Крик ее словно подстегнул и без того распаленного коня Хабрау, прибавил ярости.

Обогнав воинов Юлыша, Хабрау, нацелившись на барантовщика, поперек седла которого билась Энжеташ, перехватил поудобнее аркан. Еще рывок — и он со свистом ссадит его из седла. До похитителя оставалось расстояние в два копья.

— Стой, вор! Стой, падаль! — крикнул он и метнул аркан.

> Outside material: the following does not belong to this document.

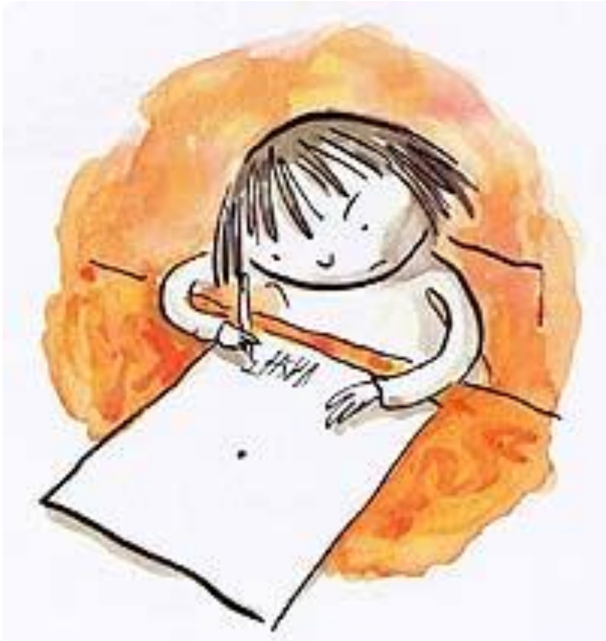
Rysunek 2

И в этот миг истошно закричала Энжеташ. Вор, с захлестнувшимся на шее арканом, и девушка грянулись с коня на землю. Подоспели мчавшиеся сзади джигиты. — Милый… умираю… — прошептала Энжеташ и посмотрела на склонившееся лицо любимого. Но это было Последней вспышкой лучины, перед тем как погаснуть, — взгляд тут же начал быстро туманиться и темнеть.

Хабрау, не шевелясь, словно завороженный, смотрел на тусклый блик на рукояти кинжала, торчавшего из ее груди, и не знал, вытащить лезвие или оставить так.

— Энжеташ! Свет мой… Что же это?

— Эх, Хабрау… Не суждено быть нам вместе… Не плачь, сэсэн… Когда заскучаешь по мне, спой ту песню… «С первого взгляда в тебя я влюбился…»

— Нет… я не верю… Ты выживешь… Я не отдам! — Крупная дрожь трясла его, и с помутившимся рассудком он прижал ее голову к груди, погладил мягкие, шелковистые волосы.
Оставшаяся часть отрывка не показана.